[YOUR INSTRUCTIONS]
Your reply should be the entries, output word for word, with each picture omitted.

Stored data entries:
• • •

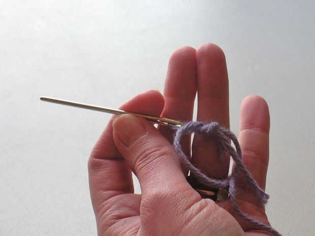 Sin pellizcar demasiado firmemente, deslice el paquete de hilo de la aguja. Continúe tirando del nudo hacia el final de su rosca. Básicamente, le vas tirando el nudo y la aguja de uno con el otro.
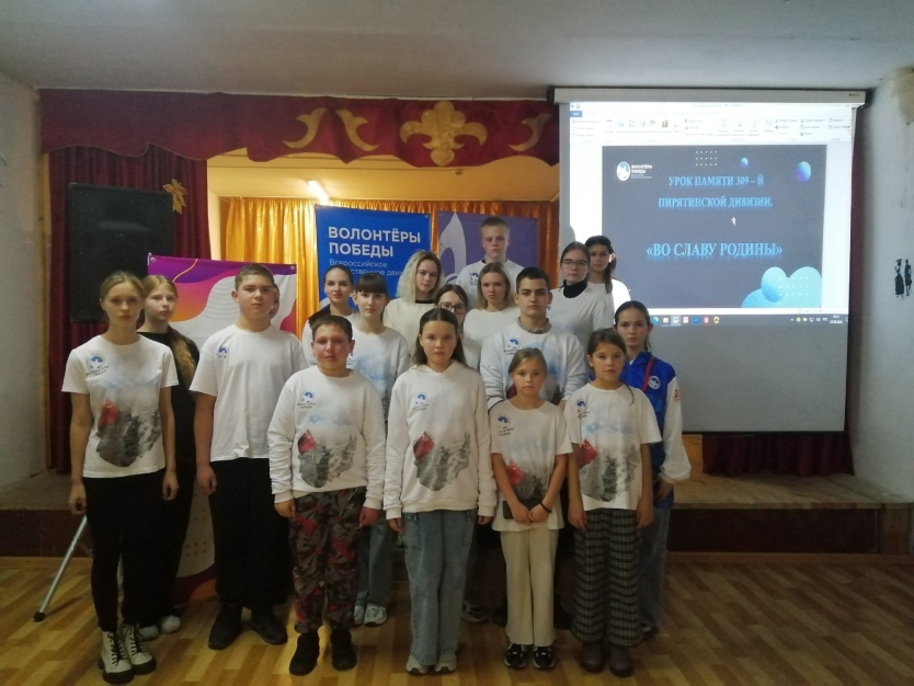 Волонтёры Победы Республики Хакасия активно проводят уроки памяти «Во славу Родины». В это раз слушателями стали обучающиеся Туимской и Копьёвской школ. Исторический урок посвящён 309-й стрелковой Пирятинской дивизии, сформированной на территории Республики.
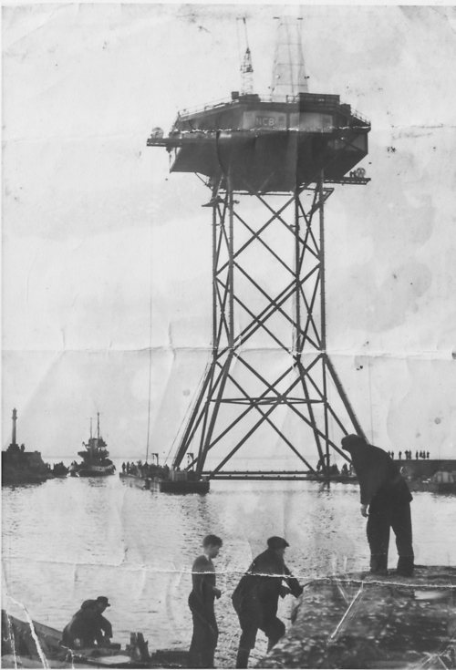 Old N.C.B. drilling platform being floated out of Hartlepool Docks. The rig was first floated on July 21st 1958 and on August 2nd left Hartlepool to take up position at Blackhall having been delayed a number of times because of poor weather and sea conditions.
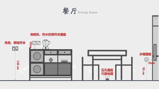 餐厅插座一般布置3-6个,主要用于小电器及餐桌火锅使用。
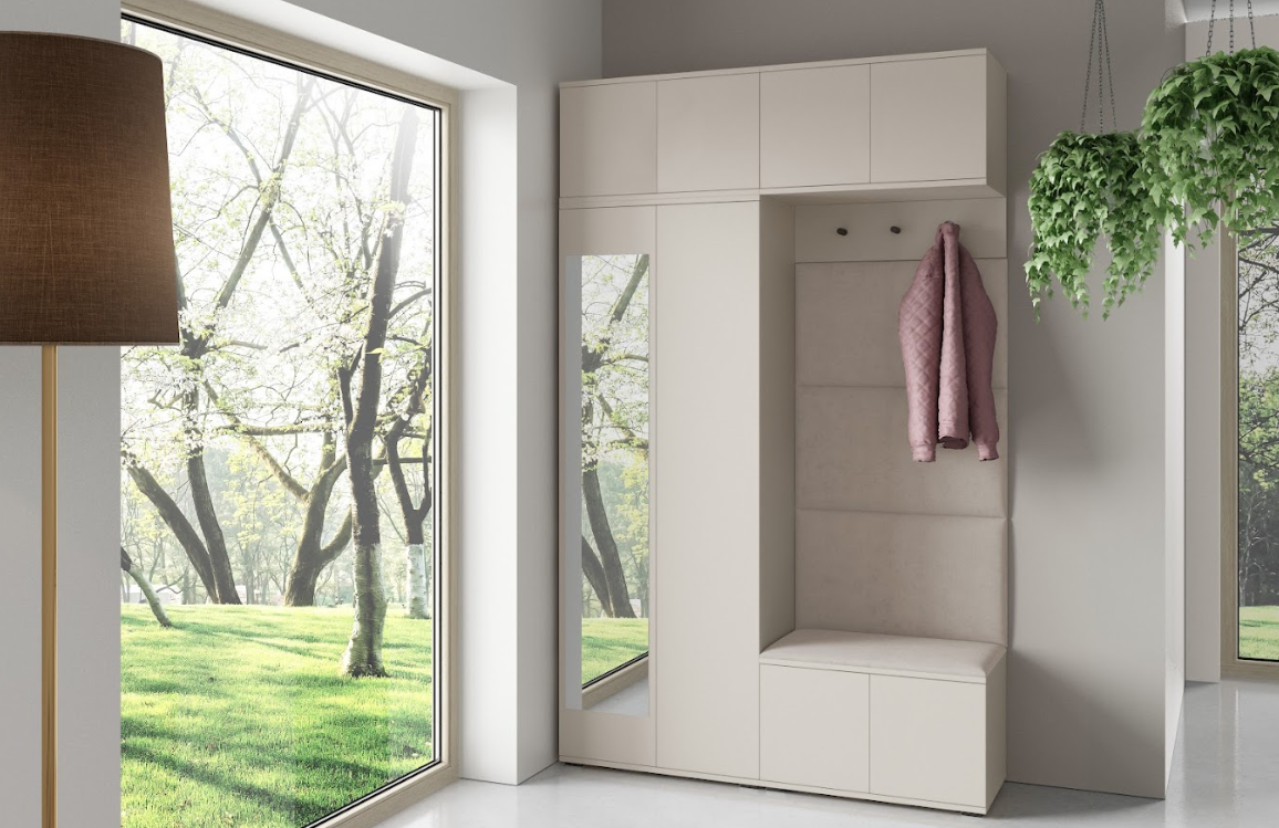 Predsieň je prvým miestom, ktoré vidíte po vstupe do domu, preto si zaslúži štýlové a praktické riešenie. Zostava do predsiene BIANCO vo farbe cashmere je ideálna pre tých, ktorí si chcú zariadiť vstupnú chodbu vkusne, moderne a prakticky. Tento jemný a nadčasový odtieň dodá vašej predsieni nádych luxusu a zároveň ho opticky zväčší.
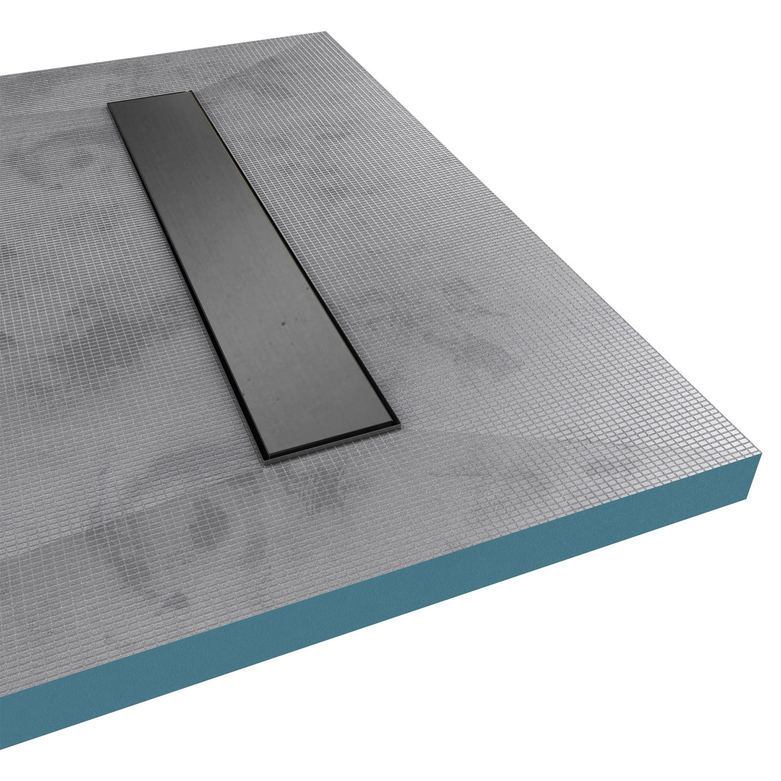 Receveur de Douche à Carreler 140×80cm à Ecoulement Linéaire - Grille Noire et Bonde

• • •

[RESPONSE]
 Sin pellizcar demasiado firmemente, deslice el paquete de hilo de la aguja. Continúe tirando del nudo hacia el final de su rosca. Básicamente, le vas tirando el nudo y la aguja de uno con el otro.
 Волонтёры Победы Республики Хакасия активно проводят уроки памяти «Во славу Родины». В это раз слушателями стали обучающиеся Туимской и Копьёвской школ. Исторический урок посвящён 309-й стрелковой Пирятинской дивизии, сформированной на территории Республики.
 Old N.C.B. drilling platform being floated out of Hartlepool Docks. The rig was first floated on July 21st 1958 and on August 2nd left Hartlepool to take up position at Blackhall having been delayed a number of times because of poor weather and sea conditions.
 餐厅插座一般布置3-6个,主要用于小电器及餐桌火锅使用。
 Predsieň je prvým miestom, ktoré vidíte po vstupe do domu, preto si zaslúži štýlové a praktické riešenie. Zostava do predsiene BIANCO vo farbe cashmere je ideálna pre tých, ktorí si chcú zariadiť vstupnú chodbu vkusne, moderne a prakticky. Tento jemný a nadčasový odtieň dodá vašej predsieni nádych luxusu a zároveň ho opticky zväčší.
 Receveur de Douche à Carreler 140×80cm à Ecoulement Linéaire - Grille Noire et Bonde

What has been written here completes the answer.